Predicting Traffic Signs with Neural Networks
This is a brief presentation of my analysis, click here for my full iPython notebook.
Introduction
There's nothing more important than safety when you are driving a vehicle. Have you ever commuted to work, school, or a frequent place only to arrive with no recollection of what happened during your drive? Do you feel safe? I trust myself, so yes. But not always. The ability that we have to do such things comes from our brain being able to use past events to guide us to drive while continuing to learn as are aware of our surroundings. What we get used to are things like weather, traffic signs, motion, and other objects that we react to. (Hopefully) Our brain uses it to predict what we are likely to do, which could be simply driving to work while avoiding obstacles. However, what if one day, we weren't able to be entirely safe due to fatigue or another factor that our brain cannot simply react fast enough to?
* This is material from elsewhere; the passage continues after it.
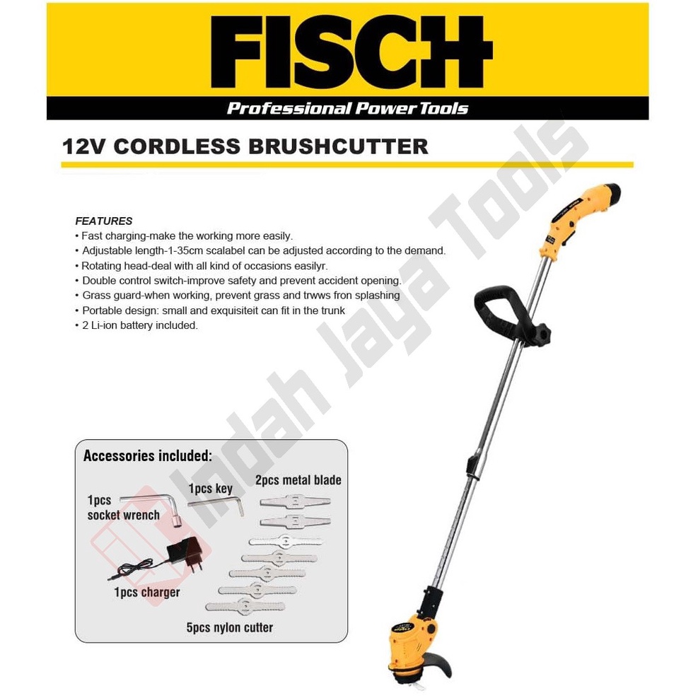 FISCH FBC12 Cordless Grass Trimmer - Mesin Potong Rumput Baterai Cas

Here comes the necessity of autonomous vehicles. An autonomous vehicle is capable of sensing the environment and navigating successfully without human input. Something that could drastically change the world is giving vehicles the ability to think and recollect events so that it could learn how to drive. To do this, we could use neural networks so that a car could have abilities such as image recognition so they can learn and be able to label objects much faster and accurately than a human brain ever could.
Methods
To teach our machine how to use neural networks to make predictions, we are going to use deep learning from TensorFlow. Deep learning is a field of machine learning that uses algorithms inspired by how neurons function in the human brain. TensorFlow is a machine learning framework that Google created to design, build, and train deep learning models. The name, "TensorFlow", is derived from how neural networks perform on multidimensional data arrays or tensors. It's a flow or tensors, just like how the human brain has a flow of neurons!
Data
We will be using traffic signs taken from Belgium to train and test our neural network. Click here for the source. There are 4575 images with 62 different labels in our training set that we will use to test for prediction accuracy.
Notice above, how each image has different lighting, shape, angle, and size? Are these features relevant for us to understand what each sign means? For most of us, yes. It gives us more certainty when our inhibitions are hindered from fatigue or stress. But for a neural network? Probably not. We need to do some feature extractions to assist our machine in making faster predictions. Some things that we could do is resize, recolor, and flatten.
Before Feature Extraction (What we like)
After Feature Extraction (What computers like)
Evaluating our Neural Network
Here, we test each new image from our test set without labels against our 4575 training images that do have labels and see how it performs. Let's take 10 random photos and see how it does.
With 10 photos, it got 9 right! Nice. At least it didn't miss a stop sign or that would have been a real problem.
Conclusion
With the rise of virtual reality, limitless availability data, and developing artificial intelligence, we should utilize everything that we can to improve our lifestyles. I feel that safety is essential to anything that moves and is in contact with human-beings. Better A.I. for cars could be made with neural networks. What could be next?